Milei, a former TV pundit who only became a politician two years ago, catapulted to the presidency in November, winning 56 percent of votes in a landslide election as his party trumped Argentina’s established blocs. He captured votes by pledging to eradicate inflation and political elitism once and for all. He also proposed economic reforms that he’s repeatedly warned would be gruelling for Argentines as he unwinds decades of state controls.
Blanco and other analysts see a government without a clear strategy or backup plan to rescue Argentina from one of the world’s most severe economic crises, marked by recession and 200 percent inflation. In that context, powerful provincial governors and moderate lawmakers in Congress “are reluctant to give Milei a blank cheque extending his power and share the political costs of unpopular adjustments,” said Luciano Sigalov, a researcher at consulting firm Eurasia Group.
Milei’s team has withdrawn the bill from consideration for now, and insists it still has options to push through the president’s priorities. One idea making the rounds is calling a referendum that could apply pressure to lawmakers if it went the government’s way, though some advisers cautioned against the idea.
While last week Economy Minister Luis Caputo described the bill’s importance as “an inflection point in Argentina’s history,” that would provide “backbone for future growth and development,” late February 6 he tweaked his tone, writing on social media “let’s not dramatise this.”
“We are not improvising here,” Caputo told TV station LN+ Wednesday morning. “We may not be politicians, as many say, but we’re not idiots. Clearly we know we are fighting against a group of legislators that don’t want any change in Argentina.”
On Wednesday morning, Goldman Sachs convened a call between its clients and Federico Sturzenegger, an economic adviser to Milei, according to people familiar with the matter. Sturzenegger insisted that Milei is committed to fixing Argentina’s fiscal issues and urged patience, according to a person with direct knowledge of the call. A Goldman Sachs spokesperson declined to comment. Sturzenegger didn’t respond to a request for comment.
Caputo and Milei’s strategy to rush the bill through Congress without consulting powerful governors or key legislators received pushback from the beginning.

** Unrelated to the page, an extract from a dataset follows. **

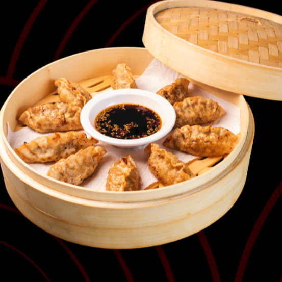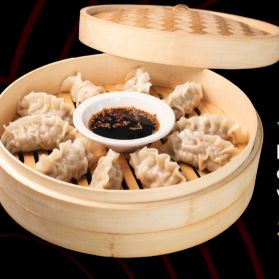 Suaves dumblings al vaor, rellenos dfideos de camote, verduras frescas y carne, con un sabor que te hará sentirte en Corea del Sur.

When the bill was first sent to Congress, lawmakers called out Caputo for not attending a committee hearing, to which he replied “I had more important things to do,” like negotiating Argentina’s programme with the International Monetary Fund.

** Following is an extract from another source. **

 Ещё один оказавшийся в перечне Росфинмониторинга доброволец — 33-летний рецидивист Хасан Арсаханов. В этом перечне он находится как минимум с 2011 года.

Caputo and Milei eventually made major concessions, reducing the original 700 articles by half and withdrawing key aspects, including a series of fiscal policy measures and the privatisation of state-run oil company YPF SA.
The lower house of Congress actually approved the bill in a general vote last week following three days of marathon debate. But in Argentina, such legislation requires a second vote for each individual article. When legislators sat down on the afternoon of February 6, they rejected seven of the first 13 parts, forcing Milei’s party to withdraw it.
Milei routinely warned on the campaign trail that he could utilise popular referenda to get his reforms passed should Congress impede his efforts. His spokesman, Manuel Adorni, recirculated a video Wednesday of Milei laying out his legislative strategy from last year, although he clarified by text message he didn’t believe a referendum would be necessary. Wall Street isn’t convinced that’s the best path forward, either.
“A potential non-binding referendum on the bill would increase political uncertainty significantly,” Pilar Tavella, an economist at Barclays Plc, wrote in a note to clients Wednesday. “Market pressure could possibly push the government to show that it has a path forward with a revised fiscal package sooner rather than later.”